На рыхлом лице нотариуса была задумчивость, он мизинцем тер лоб, вроде б что-то соображая, что сообразить никак невозможно:
— Это самое… спрашиваю, извините… ее что ж, больше нет?.. Этой… как ее… охотничьей собачки! А, Николай Семенович?
— Нет, — унимая ярость и желание крепенько взять Савойского за подтяжки, ответил Бабушкин. — Я ее задавил.
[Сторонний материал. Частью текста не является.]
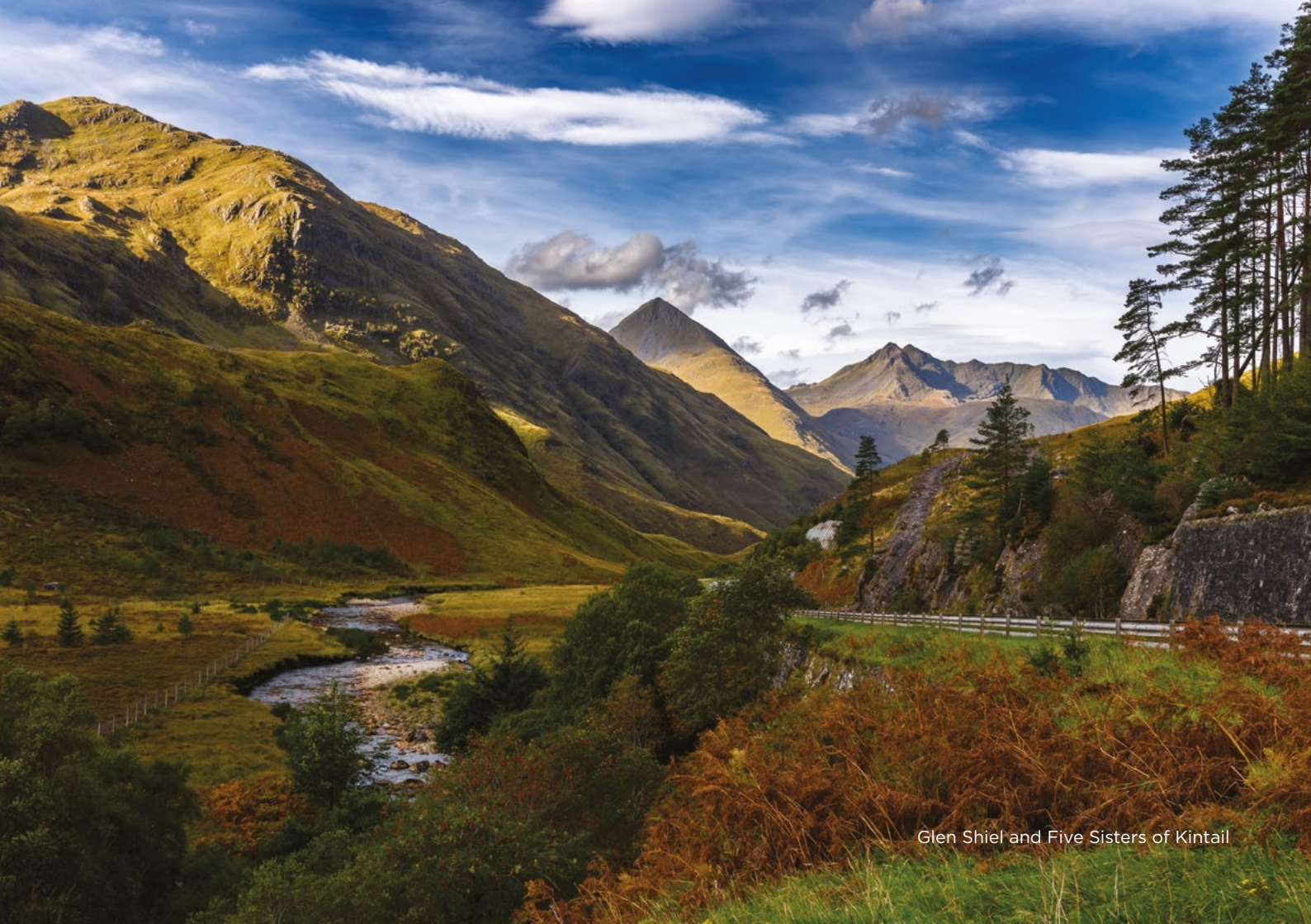
Glen Shiel and Five Sisters of Kintail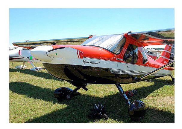
Glastar Sportsman Windshield HeatShield

Windshield Heatshields are interior sunshades for an aircraft's front windshield. The product is a unique composite of closed-cell foam with a silver mylar finish. The semi-rigid design is stiff enough to stand along the inside of the windshield using sun visors or window framing. It folds up flat and easily stores in the included storage sleeve. Some designs may require velcro and suction cups or split right and left sides. A Heatshield is an excellent short-term remedy for cockpit overheating. An external fabric cover is far more effective and practical for long-term protection.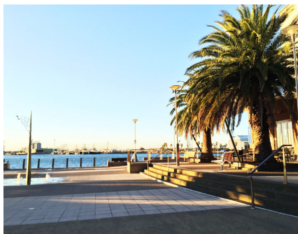
Newcastle Bay Zane Clarke '17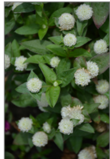
Ping Pong White Globe Amaranth flowers

— Да?! — Радость, выпирая наружу, оживляла мясистое лицо нотариуса; матовый колпак кухонного абажура отраженно прыгал в стеклах его очков, и от этого что-то неестественное, прямо-таки фантастическое, пугающее было в его взгляде, обращенном к Бабушкину. Повторил он, продолжая: — Да! А собаки, известно ли вам, могут даже санитарами быть. Это не пустые слова, Николай Семенович: собака — друг человека…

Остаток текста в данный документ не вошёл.